Crowley (Review)

Director: Julian Doyle | Release Date: 2008

5

So Erwin Schrödinger had a cat. He decided he would theoretically put his cat in a box with a vial of radioactive funk that would destabilize and kill the cat if so much as one atom decayed. Erwin gave himself an hour to wait and see if the fluid destabilized. At the end of the hour Erwin concluded that… he would not open the box, theorizing that at that moment he had both a living and dead cat. He reasoned that the act of opening the box and observing would change the result. This is the quantum mechanics version of a tree falling in the woods with no one to hear it... well, sort of.

If you’re like me and don’t understand how this works, why it matters and chiefly why nobody fingered Schrödinger as a suppositious sociopath when he proposed putting the imaginary cat in the theoretical box with a hypothetical vial of imaginary radioactive funk, then “Crowley” may require a lot to be taken at face value.

A side note here, at the beginning of writing this I placed a can of Coke Zero in my freezer in an attempt to better understand this cat thing. When I am done writing I will return to the freezer and decide whether I have an intact can, an exploded can, or both.

The main narrative of “Crowley’ begins some 50 years after its title character and world renowned occultist, libertine, and astrologer Aleister Crowley dies in Great Britain. A theoretical physicist, Joshua Mathers invents a virtual reality machine that allows the user to create a tailor made experience through interview and impulse.

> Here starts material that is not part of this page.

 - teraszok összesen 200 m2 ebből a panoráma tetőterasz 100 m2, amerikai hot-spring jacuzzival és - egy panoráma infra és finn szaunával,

He brings the machine to Cambridge where it is used, unbeknownst to Mathers, in an experiment to recreate the spirit of Mr. Crowley and place it into the body of a classics teacher, Professor Haddo. Once back in the flesh AC sets about fashioning a ritual to birth an elemental or moonchild in order to usher in a new era where as he says (1,218 times during the 106 minute runtime) “Do what thou wilt shall be the whole of the law”. In order to stop him, Mathers ( Kal Weber) must keep Crowley from finding “The Scarlet Lady” and completing the rites of the Chemical Wedding (also the film’s alternate title) aka asexual conception.

“Crowley” is the brainchild of Iron Maiden frontman Bruce Dickinson and director Julian Doyle. It is a very ambitious concept backed up by what would seem to be a good amount of research. The time travel paradoxes and alternate realities carry some nice ideas and manage to keep outcomes somewhat mysterious as any film dealing with astral plain should. There are nice moments of irony and black humor interspersed throughout and Simon Callow while a bit thin as the stuttering Cambridge professor Haddo, is entertaining as all get out once he morphs into “The wickedest man in the world”.

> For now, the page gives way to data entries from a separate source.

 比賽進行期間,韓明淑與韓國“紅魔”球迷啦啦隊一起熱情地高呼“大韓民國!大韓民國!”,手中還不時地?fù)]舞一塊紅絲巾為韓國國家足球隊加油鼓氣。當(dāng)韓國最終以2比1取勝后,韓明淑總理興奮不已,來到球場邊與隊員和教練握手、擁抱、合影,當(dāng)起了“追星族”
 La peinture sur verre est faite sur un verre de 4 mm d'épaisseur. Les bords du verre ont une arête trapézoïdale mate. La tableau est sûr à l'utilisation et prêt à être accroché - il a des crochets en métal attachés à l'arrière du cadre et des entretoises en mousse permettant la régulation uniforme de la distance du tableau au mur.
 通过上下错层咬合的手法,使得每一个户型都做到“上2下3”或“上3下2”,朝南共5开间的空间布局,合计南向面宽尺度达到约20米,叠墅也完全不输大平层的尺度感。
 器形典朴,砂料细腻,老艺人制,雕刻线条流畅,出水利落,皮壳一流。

“Crowley” has several shortcomings that make it hard to recommend. In this area its greatest attributes are also some of its biggest stubbed toes. There is no doubt that Dickinson and Doyle knew the works of Aleister Crowley backwards and forwards, but their translation of the man’s concepts into film narrative falls well short of the dramatic mark. We have only a vague idea of the implications of what Aleister is trying to achieve, and his all-consuming evil manifests more scat, jizz and piss than it does blood and death. It’s not that I believe the globe would be a glorious bacchanalia should everyone act on impulse, but a world given over to soul devouring hedonism just doesn’t put the fear in me, cinematically.

There are a few other missteps in “Crowley” that are as distracting as its vague and tension impoverished plot. I was not a fan of the shooting style. The film seems pretty stagy and aside from Callow’s scenery chewing, the visual payoffs are relatively small. There is a dearth of scale in the cinematography that leaves us feeling like the repercussions are limited to the haughty halls of Cambridge.

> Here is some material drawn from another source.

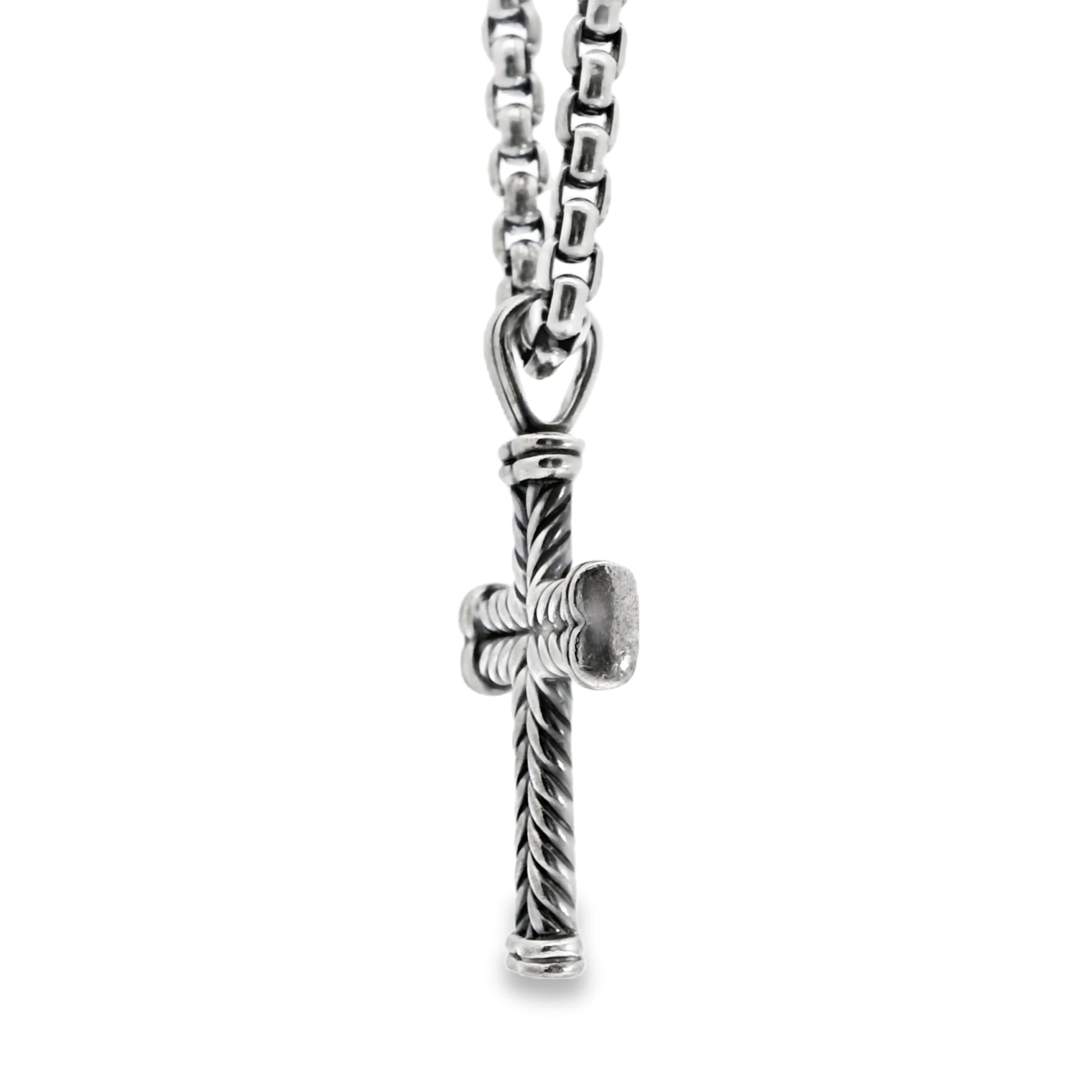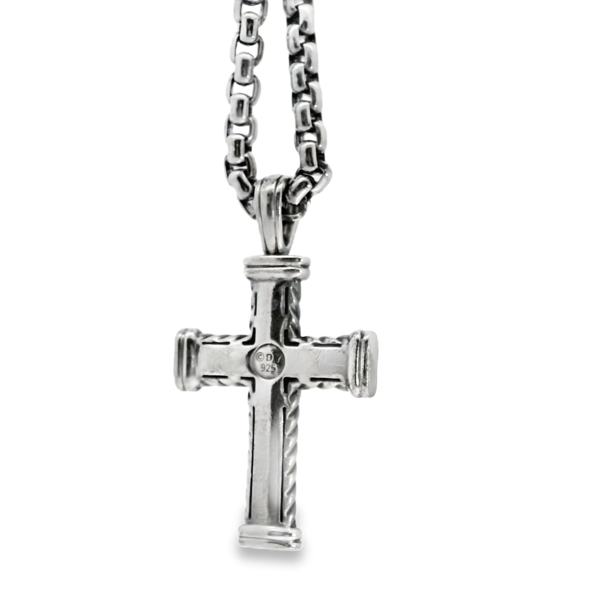 This beautiful David Yurman Silver Cross Pendant Necklace is in excellent condition and is ready to ship!

This is only compounded by the lack of a true rival for Crowley. Callow’s Crowley is such a dominant presence that Mathers and the others working to thwart him are forgotten as soon as they leave the screen. We need a scene or scenes where the good guys distinguish themselves and even refute the assertions of the evil one. Simply solving a puzzle, especially one whose solution is already partially known to the audience, doesn’t carry suspense or compel the viewer.

Now back to the cat disguised as my can of soda. I went back to the freezer and decided that while the act of opening it may affect the outcome, I just had to know. Plus my wife would castrate me with a boning knife if she found it before I did. Upon opening I discovered one completely intact but very cold can of pop. It was actually pretty disappointing, for while I didn’t relish the thought of cleaning up the mess, a frozen eruption of brown fizz is a lot sexier than a decarbonated tin of slush.

In some ways it mirrors my feelings toward “Crowley”. The synopsis, that of a reviled cyprian alchemist back from eternity to usher in eons of satanic terror on the modern world sounds a whole lot better than what I got when I pressed play. Oh well, the toll wasn’t so heavy, one can of soda, an hour and forty five minutes lost, and one apology owed by me, to Schrödinger for butchering his theory.